Doctors preparing to treat gliomas will often have patients undergo surgery to obtain tumor tissue that is then analyzed to determine the IDH mutation status. The prognosis and treatment strategy will vary based on whether a patient has an IDH-mutated glioma.
However, because obtaining an adequate sample can sometimes be time-consuming and risky – particularly if tumors are difficult to access – researchers have been studying non-surgical strategies to identify IDH mutation status.
The study, published this spring in Neuro-Oncology, differentiates itself from previous research in three ways:
- The method is highly accurate. Previous techniques have often failed to eclipse 90 percent accuracy.
- Mutation status was determined by analyzing only a single series of MR images, as opposed to multiple image types.
- A single algorithm was required to assess the IDH mutation status in the tumors. Other techniques have required either hand-drawn regions of interest or additional deep-learning models to first identify the boundaries of the tumor then detect potential mutations.

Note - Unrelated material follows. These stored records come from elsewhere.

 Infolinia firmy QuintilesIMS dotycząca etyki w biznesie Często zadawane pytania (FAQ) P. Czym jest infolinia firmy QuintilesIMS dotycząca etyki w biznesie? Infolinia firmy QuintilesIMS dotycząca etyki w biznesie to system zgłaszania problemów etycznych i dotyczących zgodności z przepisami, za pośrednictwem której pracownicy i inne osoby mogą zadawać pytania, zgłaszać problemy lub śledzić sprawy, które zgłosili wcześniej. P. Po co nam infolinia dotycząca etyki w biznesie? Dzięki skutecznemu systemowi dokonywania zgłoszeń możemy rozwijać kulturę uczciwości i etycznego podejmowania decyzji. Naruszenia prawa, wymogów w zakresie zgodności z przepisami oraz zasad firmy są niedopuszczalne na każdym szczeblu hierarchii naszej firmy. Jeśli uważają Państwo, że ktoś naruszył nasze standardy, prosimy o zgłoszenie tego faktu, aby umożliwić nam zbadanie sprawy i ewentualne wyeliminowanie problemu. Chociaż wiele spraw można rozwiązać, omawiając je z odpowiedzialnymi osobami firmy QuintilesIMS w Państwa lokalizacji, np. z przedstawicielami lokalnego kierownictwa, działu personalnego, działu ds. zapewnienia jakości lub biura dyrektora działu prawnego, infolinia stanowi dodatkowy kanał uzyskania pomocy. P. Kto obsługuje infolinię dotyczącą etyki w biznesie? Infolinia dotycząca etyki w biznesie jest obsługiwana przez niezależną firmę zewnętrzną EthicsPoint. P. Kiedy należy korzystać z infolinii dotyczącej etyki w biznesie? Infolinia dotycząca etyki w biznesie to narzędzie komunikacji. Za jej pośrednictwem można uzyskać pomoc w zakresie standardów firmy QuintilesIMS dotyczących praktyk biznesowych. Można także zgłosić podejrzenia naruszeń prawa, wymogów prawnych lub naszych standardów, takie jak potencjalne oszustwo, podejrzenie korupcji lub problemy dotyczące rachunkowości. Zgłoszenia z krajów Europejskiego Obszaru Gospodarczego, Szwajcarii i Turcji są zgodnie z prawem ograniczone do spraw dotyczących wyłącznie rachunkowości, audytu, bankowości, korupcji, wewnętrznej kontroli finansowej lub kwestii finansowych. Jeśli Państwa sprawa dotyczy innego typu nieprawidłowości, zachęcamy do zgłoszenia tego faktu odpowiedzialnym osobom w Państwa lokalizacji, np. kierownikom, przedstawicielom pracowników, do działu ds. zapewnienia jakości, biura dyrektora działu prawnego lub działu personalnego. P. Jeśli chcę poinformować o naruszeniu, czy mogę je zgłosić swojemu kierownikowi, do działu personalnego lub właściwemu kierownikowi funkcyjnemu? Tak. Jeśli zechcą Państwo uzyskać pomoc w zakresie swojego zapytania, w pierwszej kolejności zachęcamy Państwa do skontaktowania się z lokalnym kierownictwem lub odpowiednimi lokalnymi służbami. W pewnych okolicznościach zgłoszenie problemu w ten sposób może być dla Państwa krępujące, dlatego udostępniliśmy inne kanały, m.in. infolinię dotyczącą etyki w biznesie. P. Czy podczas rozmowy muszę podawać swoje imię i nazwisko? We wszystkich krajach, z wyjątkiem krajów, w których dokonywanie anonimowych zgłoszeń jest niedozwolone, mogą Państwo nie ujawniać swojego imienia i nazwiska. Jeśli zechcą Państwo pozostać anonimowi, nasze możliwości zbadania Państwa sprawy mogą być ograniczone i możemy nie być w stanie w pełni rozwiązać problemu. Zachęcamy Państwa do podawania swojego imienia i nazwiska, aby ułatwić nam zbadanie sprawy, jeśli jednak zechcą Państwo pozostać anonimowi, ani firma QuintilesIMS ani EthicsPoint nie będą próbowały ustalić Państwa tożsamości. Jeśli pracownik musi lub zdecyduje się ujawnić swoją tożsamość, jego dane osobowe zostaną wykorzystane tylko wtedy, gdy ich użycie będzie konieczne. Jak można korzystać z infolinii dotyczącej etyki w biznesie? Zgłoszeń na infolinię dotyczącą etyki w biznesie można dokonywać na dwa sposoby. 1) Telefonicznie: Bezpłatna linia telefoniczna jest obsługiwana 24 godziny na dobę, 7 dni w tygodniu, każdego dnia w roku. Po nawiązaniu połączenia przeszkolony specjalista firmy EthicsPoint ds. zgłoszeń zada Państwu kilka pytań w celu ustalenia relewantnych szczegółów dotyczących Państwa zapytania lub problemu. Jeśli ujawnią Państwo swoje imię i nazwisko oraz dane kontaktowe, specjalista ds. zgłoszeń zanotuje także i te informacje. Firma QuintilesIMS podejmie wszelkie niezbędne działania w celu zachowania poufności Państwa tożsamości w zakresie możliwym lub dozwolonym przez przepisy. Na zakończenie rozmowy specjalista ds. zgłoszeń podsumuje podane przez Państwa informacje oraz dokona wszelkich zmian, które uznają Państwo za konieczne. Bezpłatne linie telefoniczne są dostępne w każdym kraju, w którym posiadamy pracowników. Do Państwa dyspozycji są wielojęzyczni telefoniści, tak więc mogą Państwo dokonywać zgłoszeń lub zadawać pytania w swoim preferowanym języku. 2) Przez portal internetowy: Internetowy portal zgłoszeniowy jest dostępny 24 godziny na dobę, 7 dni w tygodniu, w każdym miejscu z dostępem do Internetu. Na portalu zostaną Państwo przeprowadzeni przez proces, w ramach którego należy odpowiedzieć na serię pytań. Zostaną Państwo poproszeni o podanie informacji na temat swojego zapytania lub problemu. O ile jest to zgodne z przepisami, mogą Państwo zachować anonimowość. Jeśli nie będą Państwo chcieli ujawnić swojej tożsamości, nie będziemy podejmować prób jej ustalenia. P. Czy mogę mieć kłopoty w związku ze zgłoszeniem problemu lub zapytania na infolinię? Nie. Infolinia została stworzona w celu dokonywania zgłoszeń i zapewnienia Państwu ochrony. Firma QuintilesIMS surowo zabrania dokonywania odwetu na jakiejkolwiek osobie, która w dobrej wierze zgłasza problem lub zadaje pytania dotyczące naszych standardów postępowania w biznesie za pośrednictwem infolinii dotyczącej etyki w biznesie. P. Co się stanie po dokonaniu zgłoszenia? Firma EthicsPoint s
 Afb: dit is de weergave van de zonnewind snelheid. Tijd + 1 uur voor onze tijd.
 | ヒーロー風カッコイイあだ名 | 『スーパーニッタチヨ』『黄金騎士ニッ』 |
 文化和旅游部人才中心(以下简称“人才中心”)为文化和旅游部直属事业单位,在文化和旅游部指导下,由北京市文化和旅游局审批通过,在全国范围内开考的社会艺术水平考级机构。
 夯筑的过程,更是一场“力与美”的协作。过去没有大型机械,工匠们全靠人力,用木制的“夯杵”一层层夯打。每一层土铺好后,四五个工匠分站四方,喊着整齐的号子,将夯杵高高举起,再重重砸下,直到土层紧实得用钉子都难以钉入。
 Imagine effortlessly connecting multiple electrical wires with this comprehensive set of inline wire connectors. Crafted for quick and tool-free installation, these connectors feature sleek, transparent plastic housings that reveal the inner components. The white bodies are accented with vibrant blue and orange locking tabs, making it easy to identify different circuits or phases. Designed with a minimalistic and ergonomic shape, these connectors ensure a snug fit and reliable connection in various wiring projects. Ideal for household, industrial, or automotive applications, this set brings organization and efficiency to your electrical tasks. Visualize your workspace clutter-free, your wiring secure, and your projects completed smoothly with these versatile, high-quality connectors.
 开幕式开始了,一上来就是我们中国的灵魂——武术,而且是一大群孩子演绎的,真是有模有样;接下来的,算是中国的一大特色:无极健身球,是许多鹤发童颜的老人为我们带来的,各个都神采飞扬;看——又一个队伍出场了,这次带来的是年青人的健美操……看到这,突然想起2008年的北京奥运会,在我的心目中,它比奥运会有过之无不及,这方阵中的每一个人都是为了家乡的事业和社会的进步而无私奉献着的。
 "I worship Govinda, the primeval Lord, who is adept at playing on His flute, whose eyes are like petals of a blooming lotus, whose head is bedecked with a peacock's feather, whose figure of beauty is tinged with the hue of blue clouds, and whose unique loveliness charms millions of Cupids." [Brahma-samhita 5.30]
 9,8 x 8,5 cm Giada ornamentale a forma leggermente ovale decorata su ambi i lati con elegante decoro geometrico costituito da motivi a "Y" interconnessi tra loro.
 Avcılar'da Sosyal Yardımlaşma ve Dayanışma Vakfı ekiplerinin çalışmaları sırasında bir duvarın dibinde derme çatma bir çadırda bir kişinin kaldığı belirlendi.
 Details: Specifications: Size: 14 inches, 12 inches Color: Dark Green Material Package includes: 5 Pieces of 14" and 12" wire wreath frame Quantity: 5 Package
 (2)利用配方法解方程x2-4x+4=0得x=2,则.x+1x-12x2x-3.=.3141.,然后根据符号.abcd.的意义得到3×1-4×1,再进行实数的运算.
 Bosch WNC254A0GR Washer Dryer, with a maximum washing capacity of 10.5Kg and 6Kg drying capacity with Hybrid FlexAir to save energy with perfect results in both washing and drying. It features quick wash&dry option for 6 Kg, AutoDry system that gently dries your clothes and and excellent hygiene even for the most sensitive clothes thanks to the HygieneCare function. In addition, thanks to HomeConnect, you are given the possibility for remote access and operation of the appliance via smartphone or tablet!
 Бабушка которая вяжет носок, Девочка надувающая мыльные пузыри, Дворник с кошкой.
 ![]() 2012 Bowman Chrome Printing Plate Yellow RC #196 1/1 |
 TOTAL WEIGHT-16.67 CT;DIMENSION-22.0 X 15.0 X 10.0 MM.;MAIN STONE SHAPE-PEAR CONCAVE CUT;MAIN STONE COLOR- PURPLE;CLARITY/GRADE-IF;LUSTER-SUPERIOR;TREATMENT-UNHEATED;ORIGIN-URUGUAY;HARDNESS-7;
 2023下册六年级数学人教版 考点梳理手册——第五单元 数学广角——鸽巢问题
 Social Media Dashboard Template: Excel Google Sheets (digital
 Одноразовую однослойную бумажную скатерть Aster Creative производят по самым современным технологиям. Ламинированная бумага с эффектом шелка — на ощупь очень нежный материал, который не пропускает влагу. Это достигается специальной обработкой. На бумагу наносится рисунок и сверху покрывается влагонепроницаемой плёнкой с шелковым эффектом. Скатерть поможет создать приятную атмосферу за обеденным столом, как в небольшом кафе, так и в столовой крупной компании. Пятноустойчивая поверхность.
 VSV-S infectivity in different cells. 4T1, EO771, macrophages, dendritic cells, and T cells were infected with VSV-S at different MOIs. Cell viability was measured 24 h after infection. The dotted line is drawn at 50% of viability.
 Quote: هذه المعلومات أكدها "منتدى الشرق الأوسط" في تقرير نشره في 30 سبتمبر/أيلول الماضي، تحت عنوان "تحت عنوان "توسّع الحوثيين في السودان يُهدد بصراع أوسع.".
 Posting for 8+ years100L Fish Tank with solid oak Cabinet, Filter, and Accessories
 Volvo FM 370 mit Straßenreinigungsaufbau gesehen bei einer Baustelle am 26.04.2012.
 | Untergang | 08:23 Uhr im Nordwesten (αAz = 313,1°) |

“The beauty of this new deep-learning model is its simplicity and high degree of accuracy,” says Maldjian, adding that similar methods may be used to identify other important molecular markers for various cancers. “We’ve removed additional pre-processing steps and created an ideal scenario for easily transitioning this into clinical care by using images that are routinely acquired.”
Tumor imaging
Gliomas comprise the strong majority of malignant tumors found in the brain and can often spread quickly through surrounding tissue. The five-year survival rate for high-grade gliomas is 15%, though tumors with mutated IDH enzymes generally have a better prognosis.
The IDH mutation status also helps doctors decide on a combination of treatments most suitable for the patient, from chemotherapy and radiation therapy to surgery to remove the tumor.
To improve the process of detecting enzyme mutations and deciding on appropriate therapy, Maldjian’s team developed two deep-learning networks that analyzed imaging data from a publicly available database of more than 200 brain cancer patients from across the U.S.
One network used only one series from the MRI (T2-weighted images), while the other used multiple image types from the MRI. The two networks achieved nearly the same accuracy, suggesting that the process of detecting IDH mutations could be significantly streamlined by using only the T2-weighted images.
‘Big picture’
Maldjian’s team will next test his deep-learning model on larger datasets for additional validation before deciding whether to incorporate the technique into clinical care.
Meanwhile, researchers are hoping to develop medications to inhibit IDH through ongoing national clinical trials. If effective, these inhibitors could combine with AI-imaging techniques to overhaul how some brain cancers are assessed and treated.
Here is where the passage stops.